Highlights of 2014 includes the release of the album no. 4, entitled simply Mames Babegenush, a studio album featurering guests like harpist Tine Rehling, Nordic string quartet LiveStrings, led by Norwegian cellist Live Johansson, percussionist Lasse Herbst and The Children’s Choir of Goldschmidt’s Academy, a choir of Jewish, Muslim and Christian children. A special remix was released prior to the full album, a remix by Trentemöller. Cover art was a painting by artist Tal R. The album received positive international reviews from ex AllAboutJazz.com (4,5 out of 5), Songlines (5 out of 6) and fRoots (text, no star rating system).

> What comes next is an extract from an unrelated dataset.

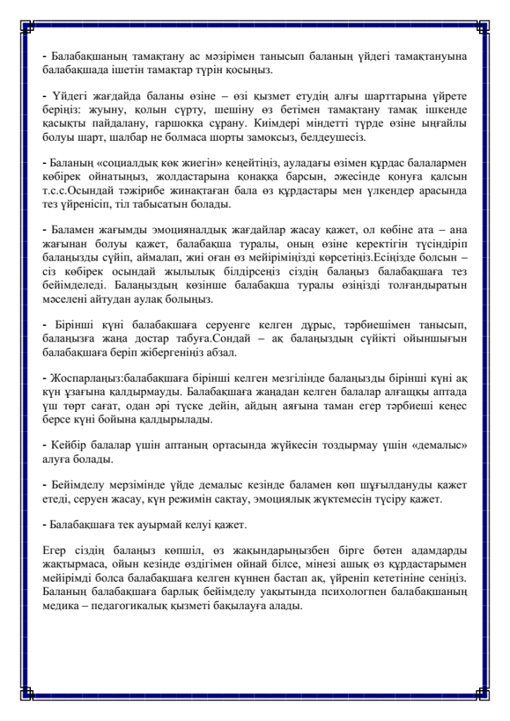 БАЛАНЫҢ БАЛАБАҚШАҒА БЕЙІМДЕЛУІ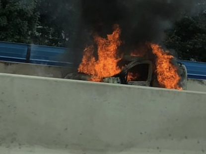 Voiture en feu sur la E42 à Ensival

The band's most recent album, Mames Babegenush With Strings from 2017, was warmly received with 5-6 stars reviews in such magazines as Songlines and fRoots as well as winning 'Folk Album of the year' awarded by the Danish Publishers. The full-length album features the talented string quartet LiveStrings, led by Norwegian cellist Live Johansson, recorded in Copenhagen in front of a live studio audience. The album invites the listener into a universe of authentic eastern European folk music interpreted through Nordic soundscapes. Mames Babegenush with Strings was released on vinyl by German label Galileo Music.

Quotes

“Mames Babegenush forges an organic sound with the momentum of life. The band pushes the perimeter of klezmer to incorporate many cultures, all fragrant with fecund growth and potential. This is joyous music even when it is not”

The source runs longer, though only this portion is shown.